An end-to-end/scenario testing framework for Holochain applications in JavaScript/TypeScript

Installation

npm install @holochain/try-o-rama

Scenarios

Tryorama lets you write scenarios involving multiple DNA instances on multiple conductors. The scenarios read like a script in a play. In very loose pseudocode, a scenario looks something like this:

create players alice and bob
alice.call("chat", "channels", "post_message_to_channel", "hello!")
wait for consistency
result = bob.call("chat", "channels", "get_messages_on_channel", {})
assert result[0] === "hello!"

Scenarios let you specify a fixed interaction between multiple Holochain nodes ("players") and make assertions about the resulting state changes. The previous pseudocode example scenario actually looks like this in Javascript:

const myPlayerConfig = {
  instances: {
    chat: Config.dna('chat', 'path/to/chat.dna.json')
  }
}

orchestator.registerScenario('messages are fetchable', async s => {
  const { alice, bob } = await s.players({ alice: myPlayerConfig, bob: myPlayerConfig }, true)
  await alice.call('chat', 'channels', 'post_message_to_channel', 'hello!')
  await s.consistency() // wait long enough for network propagation to reach bob
  const result = await bob.call('chat', 'channels', 'get_messages_on_channel', {})
  assert(result.Ok[0] === 'hello!')
})

orchestrator.run()

Orchestrators

Set up an Orchestrator and register your Scenarios with it. The Orchestrator specifies things like:

  • how to spawn new conductor processes
  • how to generate the configuration for each conductor
  • how each scenario actually gets executed, including possible integration with third-party test harnesses

Try-o-rama comes with sensible defaults so you can get up and running with an Orchestrator with little or no configuration. It also includes some helpful Middleware to modify the behavior, such as adding functions to the Scenario API or integrating with a test harness.

Player Configuration

Each scenario specifies how many "players", or nodes, are participating, and how to configure them. A very simple example of configuration can be seen in the leading example, in the variable myPlayerConfig. There are two basic ways to specify player configuration: as an object or as a function.
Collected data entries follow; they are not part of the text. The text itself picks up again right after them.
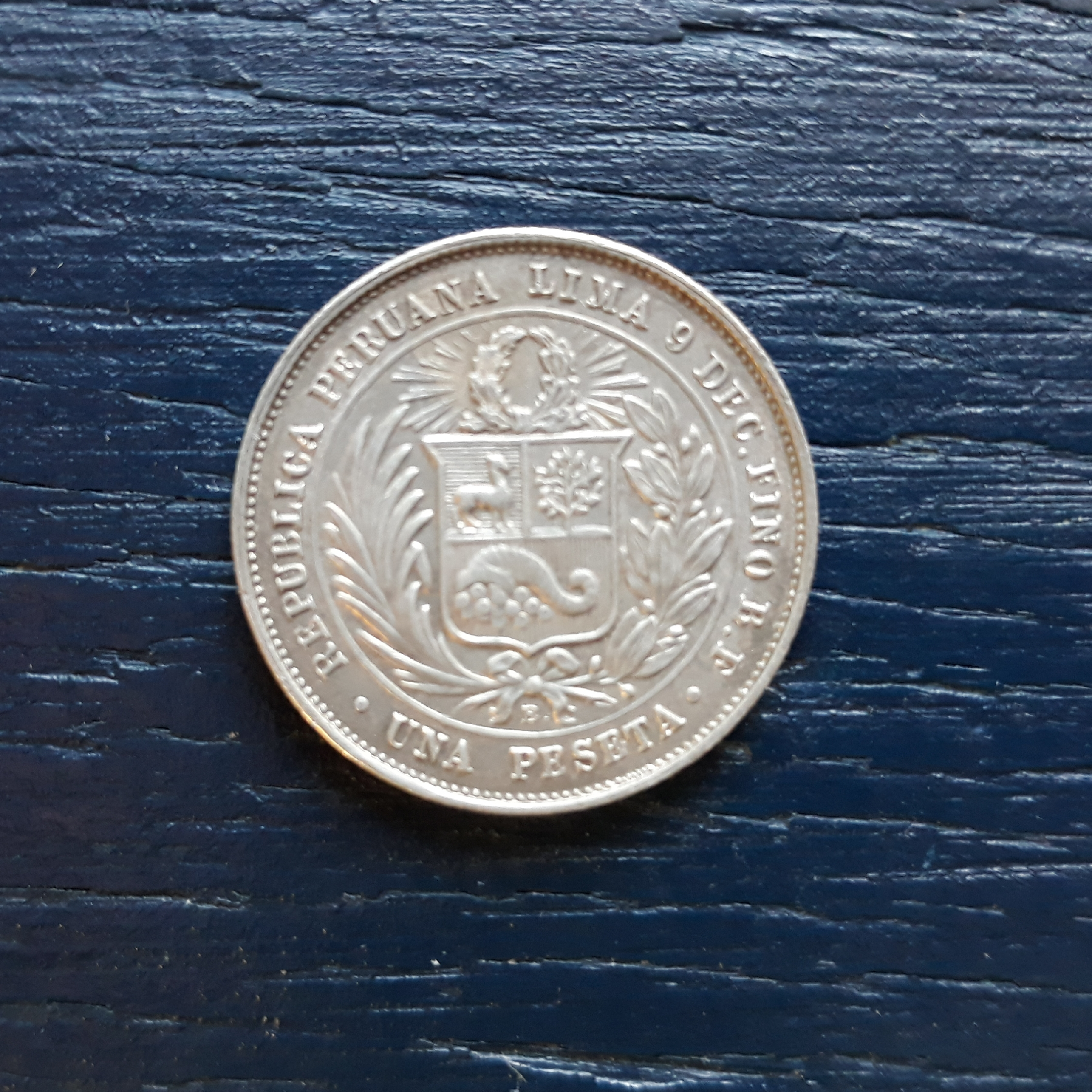 The back of the 1 peseta coin from 1880
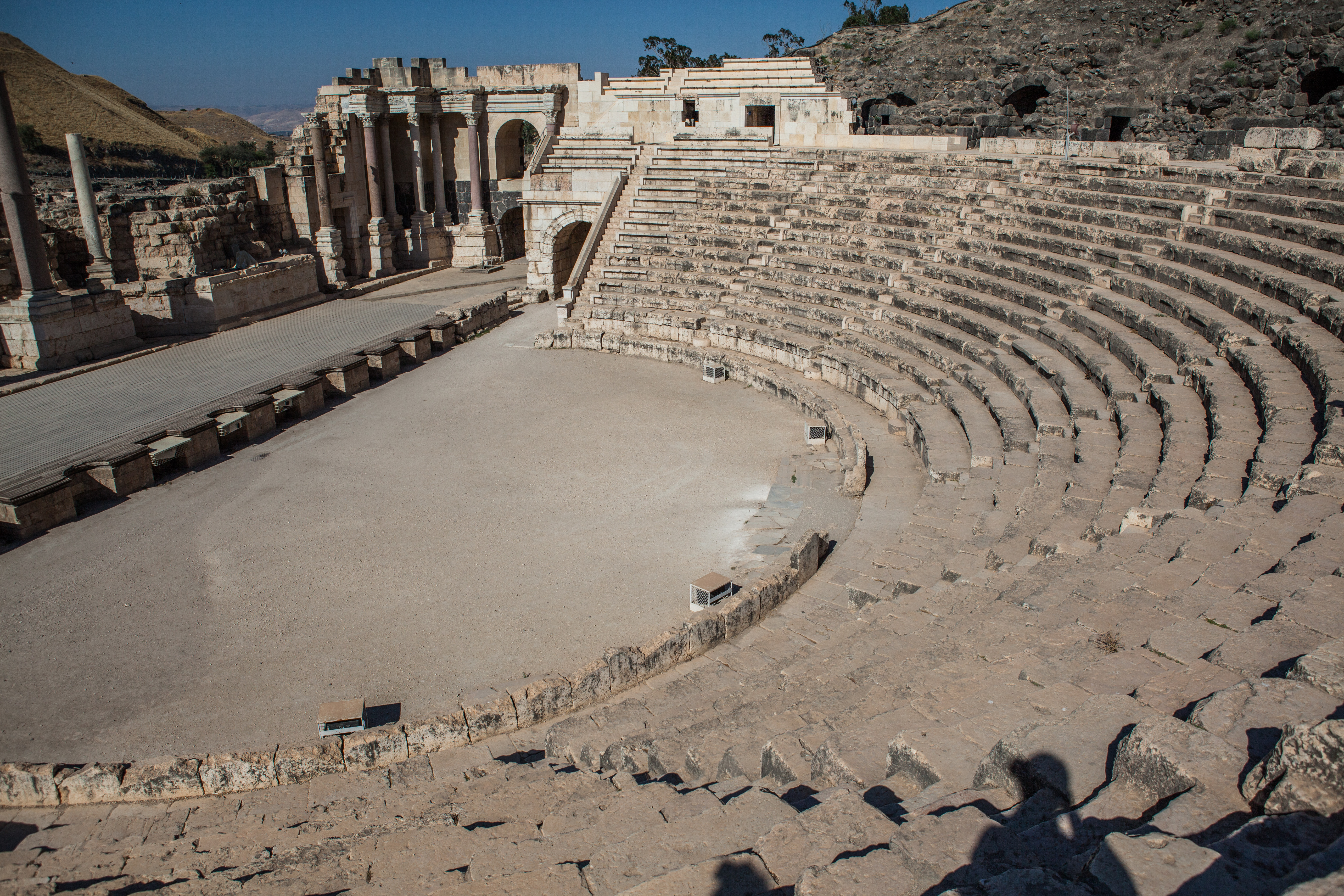 Overview of the Roman theater of Beit She'an National Park, Israel.
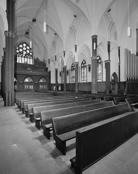 The nave of the former St. Francis de Sales Cathedral in Oakland, California. It served as the cathedral of the Catholic Diocese of Oakland from 1962 until it was damaged in the 1989 Loma Prieta earthquake. It was toen down in 1993.
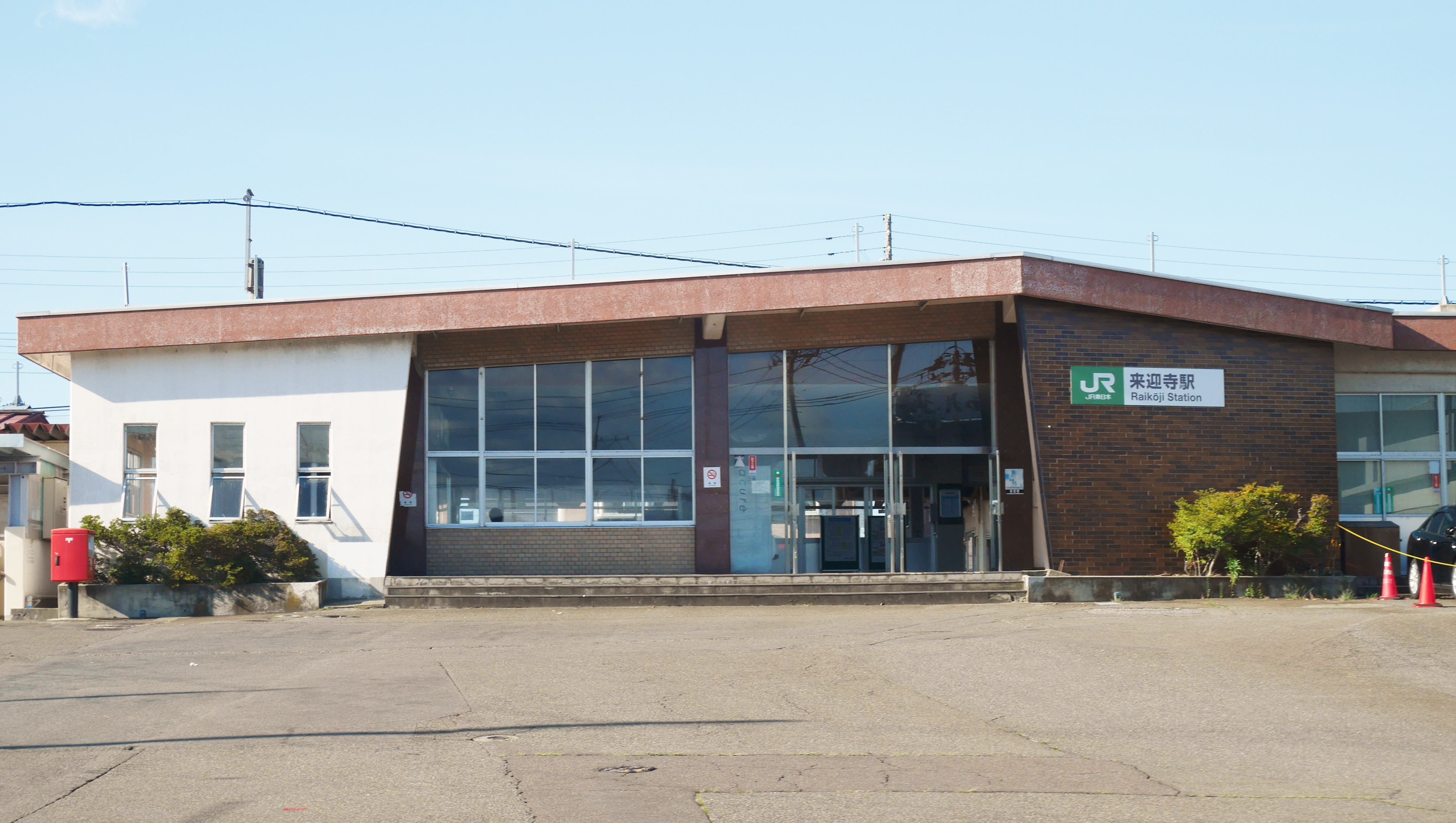 East Japan Railway Company. Raikoji Station. Nagaoka city , Niigata , Japan
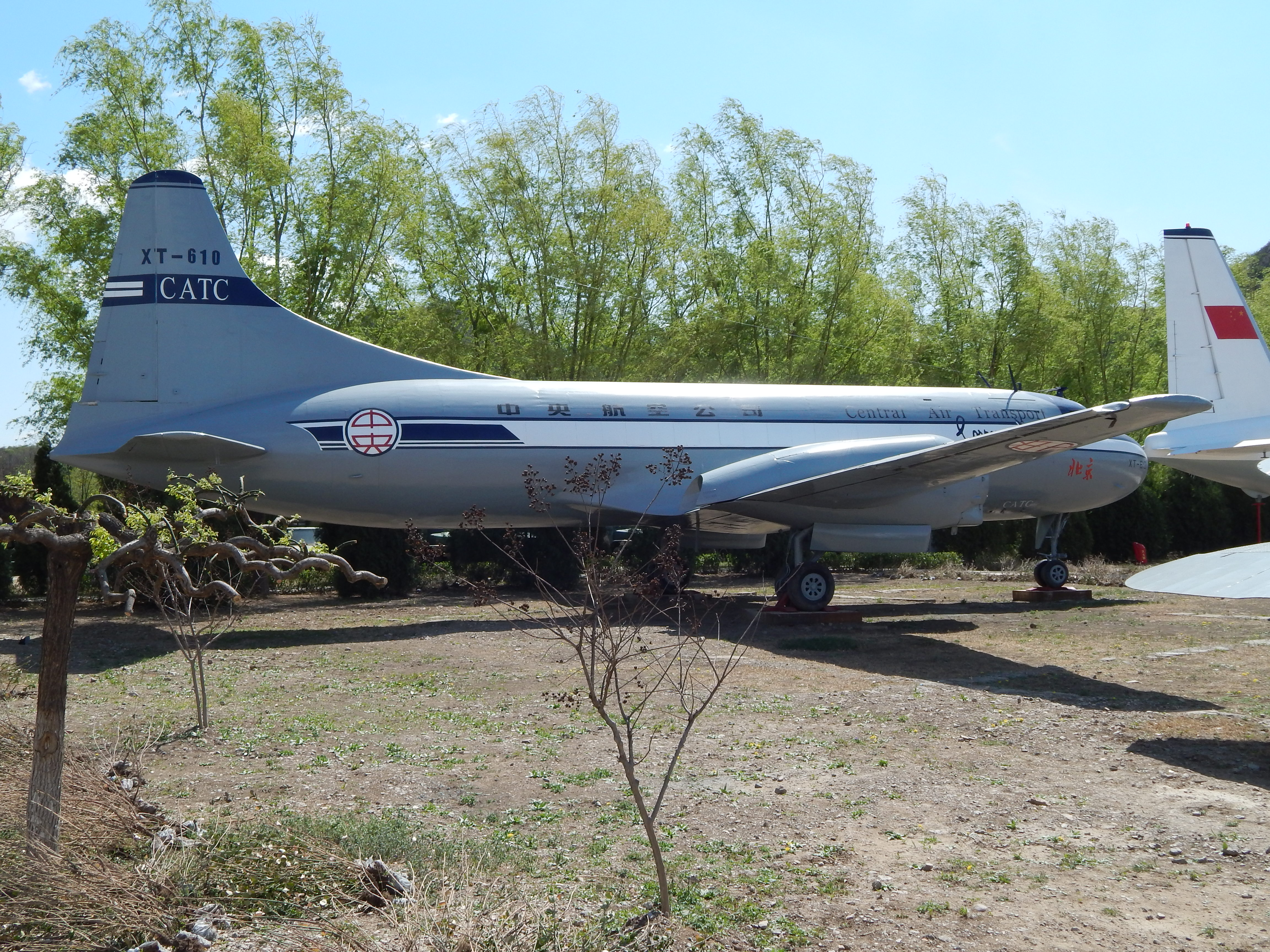 Beautiful and rare example of an early Convair. Note pre-revolutionary markings

The object-based approach has two flavors, "sugared" and "plain"

As an object

Sugared

The "sugared" config flavor is the most concise way to specify a full conductor config for the purpose of scenario tests, which is suitable for a typical app developer's scenario tests. It looks like this:

const mySugaredConfig = {
  // this is the sugared part
  instances: {
    [instanceId1]: dnaConfig1,
    [instanceId2]: dnaConfig2,
  },

  // optional
  bridges: [
    Config.bridge('bridge-name', instanceId1, instanceId2)
  ],

  // optional
  dpki: {
    instance_id: instanceId1,
    init_params: {}
  },
}

The only required field is instances. In the above example, instances is an object, where the keys are instance IDs and the values are DNA configs. Incidentally, the keys of this object are also used as Agent IDs to create TestAgents for each instance.

Plain

In many cases, sugared config is all you need. If you need more control over instance configuration, you can drop down to the more verbose "plain" flavor, where instances is an Array instead of an Object. The rest of the configuration remains the same.

const myPlainConfig = {
  // now it's an Array instead of an Object
  instances: [
    {
      id: instanceId1,
      agent: {
        id: agentId1,
        name: 'name1', // NB: it's necessary for agent names to be distinct across all conductors
        public_address: 'HcS----------...',
        keystore_file: 'path/to/keystore',
      },
      dna: {
        id: dnaId1,
        file: dnaPath1,
      }
    },
    {
      id: instanceId2,
      agent: {
        id: agentId2,
        name: 'name2', // NB: it's necessary for agent names to be distinct across all conductors
        public_address: 'HcS----------...',
        keystore_file: 'path/to/keystore',
      },
      dna: {
        id: dnaId2,
        file: dnaPath2,
      }
    }
  ],

  // still optional
  bridges: [
    Config.bridge('bridge-name', instanceId1, instanceId2)
  ],

  // still optional
  dpki: {
    instance_id: instanceId1,
    init_params: {}
  },
}

As a function

If you need even absolute control over the generated conductor config because you're doing something tricky, you can pass in a function that takes a few parameters and returns a fully-formed string of TOML. You must write the config correctly and meet the following requirements:

  • There must be an admin interface running over WebSockets at adminPort
  • There must be an interface running over WebSockets at zomePort including all instances
  • All agents must have a unique name
  • You must incorporate the UUID or some other source of uniqueness into the DNA config's uuid field, to ensure that conductors in different tests do not attempt to connect to each other on the same network

Basically, you really have to know what you're doing to make this work! It looks like this:

const myConfigFunction = ({
  conductorName,
  configDir,
  uuid,
  adminPort,
  zomePort,
}) => `
persistence_dir = ${configDir}

[agents]
# etc...

[dnas]
# etc...

[instances]
# etc...

[[interfaces]]
# etc...
`

Sample usage

Check out this heavily commented example for a more complete idea of how to use Try-o-rama

import { Orchestrator, Config } from '../../src'

// Point to your DNA file and give it a nickname. 
// The DNA file can either be on your filesystem...
const dnaBlog = Config.dna('~/project/dnas/blog.dna.json', 'blog')
// ... or on the web
const dnaChat = Config.dna('https://url.to/your/chat.dna.json', 'chat')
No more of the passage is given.